Decompressive craniectomy of one side.

Although it was still performed with some frequency prior to the twentieth century, its resurgence in modern form became possible only upon the development of precision cutting tools and sophisticated post-operative care such as antibiotics.

Though the procedure is considered a last resort, some evidence suggests that it does improve outcomes by lowering intracranial pressure (ICP).

A large frontotemporoparietal DC (not less than 12 x 15 cm or 15 cm diameter) is recommended over a small frontotemporoparietal DC for reduced mortality and improved neurologic outcomes in patients with severe TBI.

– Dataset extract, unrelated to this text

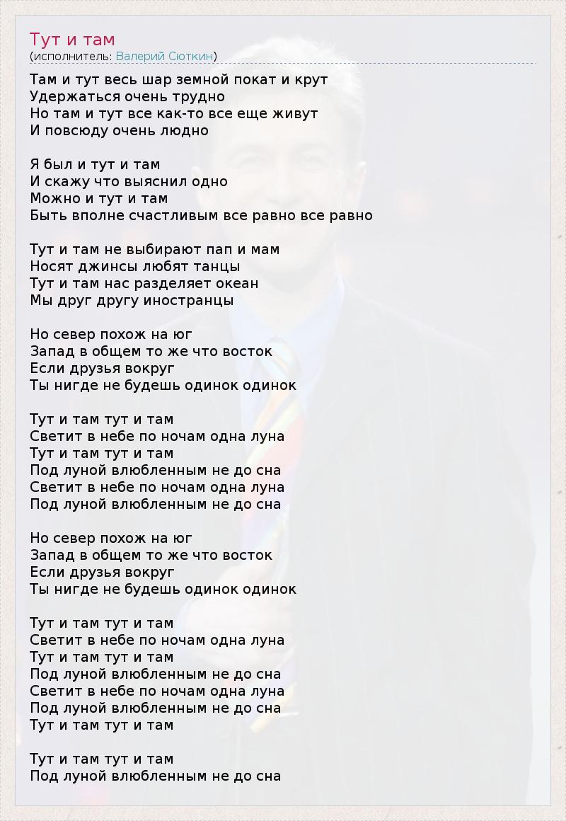 Это интересно:Валерий Сюткин родился 22 марта 1958 года в Москве. Музыкой начал заниматься в начале 70-х годов, участвуя сразу в нескольких любительских группах в качестве бас-гитариста или барабанщика. Играя в школьных ансамблях, исполнял песни Beatles, Grand Funk Railroad, Deep Purple, Led Zeppelin, Slade, Smokie.Однажды заменил заболевшего вокалиста, после чего в этой роли и остался. В 1982 году начал работать с группой «Телефон»,... продолжение

Data suggest that unilateral decompressive craniectomy (DC) has superiority in lowering ICP, reducing the mortality rate, and improving neurological outcomes over unilateral routine temporoparietal craniectomy. However, it increases the incidence of delayed intracranial hematomas and subdural effusion, some of which need secondary surgical intervention. These results provide information important for further large and multicenter clinical trials on the effects of DC in patients with acute post-traumatic BS 1).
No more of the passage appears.